Exercise aim: The records below hold a stretch from the line with "지난 22일 유튜브 채널" through the line with "Совместные покупки Сургут"; return exactly those lines, ends included, and nothing more.

Extracted data:
——————————

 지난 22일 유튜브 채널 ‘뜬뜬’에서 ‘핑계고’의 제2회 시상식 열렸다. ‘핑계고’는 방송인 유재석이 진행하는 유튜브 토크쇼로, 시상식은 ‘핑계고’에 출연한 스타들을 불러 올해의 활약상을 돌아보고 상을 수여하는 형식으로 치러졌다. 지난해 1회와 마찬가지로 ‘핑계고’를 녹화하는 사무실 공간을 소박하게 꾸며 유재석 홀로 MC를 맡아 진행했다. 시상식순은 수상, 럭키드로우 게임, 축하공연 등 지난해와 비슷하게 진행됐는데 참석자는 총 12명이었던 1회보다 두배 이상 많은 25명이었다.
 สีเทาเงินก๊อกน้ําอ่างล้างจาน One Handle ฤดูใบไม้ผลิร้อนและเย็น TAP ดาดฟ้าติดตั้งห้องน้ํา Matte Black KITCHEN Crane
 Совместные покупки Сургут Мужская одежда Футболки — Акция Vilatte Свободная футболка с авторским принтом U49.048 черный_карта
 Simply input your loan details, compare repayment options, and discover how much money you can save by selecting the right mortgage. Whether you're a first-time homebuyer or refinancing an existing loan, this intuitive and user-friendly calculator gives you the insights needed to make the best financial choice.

——————————

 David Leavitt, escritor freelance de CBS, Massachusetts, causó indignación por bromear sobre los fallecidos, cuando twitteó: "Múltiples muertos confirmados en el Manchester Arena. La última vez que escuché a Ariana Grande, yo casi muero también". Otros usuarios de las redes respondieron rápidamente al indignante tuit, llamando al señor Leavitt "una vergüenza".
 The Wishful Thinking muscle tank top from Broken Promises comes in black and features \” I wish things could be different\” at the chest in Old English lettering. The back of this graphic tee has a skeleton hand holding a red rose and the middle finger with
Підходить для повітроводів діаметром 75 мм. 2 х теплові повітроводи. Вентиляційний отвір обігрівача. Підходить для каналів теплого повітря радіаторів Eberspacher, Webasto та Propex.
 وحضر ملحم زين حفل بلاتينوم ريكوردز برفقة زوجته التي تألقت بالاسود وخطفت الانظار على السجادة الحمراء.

——————————

Answer space:
 지난 22일 유튜브 채널 ‘뜬뜬’에서 ‘핑계고’의 제2회 시상식 열렸다. ‘핑계고’는 방송인 유재석이 진행하는 유튜브 토크쇼로, 시상식은 ‘핑계고’에 출연한 스타들을 불러 올해의 활약상을 돌아보고 상을 수여하는 형식으로 치러졌다. 지난해 1회와 마찬가지로 ‘핑계고’를 녹화하는 사무실 공간을 소박하게 꾸며 유재석 홀로 MC를 맡아 진행했다. 시상식순은 수상, 럭키드로우 게임, 축하공연 등 지난해와 비슷하게 진행됐는데 참석자는 총 12명이었던 1회보다 두배 이상 많은 25명이었다.
 สีเทาเงินก๊อกน้ําอ่างล้างจาน One Handle ฤดูใบไม้ผลิร้อนและเย็น TAP ดาดฟ้าติดตั้งห้องน้ํา Matte Black KITCHEN Crane
 Совместные покупки Сургут Мужская одежда Футболки — Акция Vilatte Свободная футболка с авторским принтом U49.048 черный_карта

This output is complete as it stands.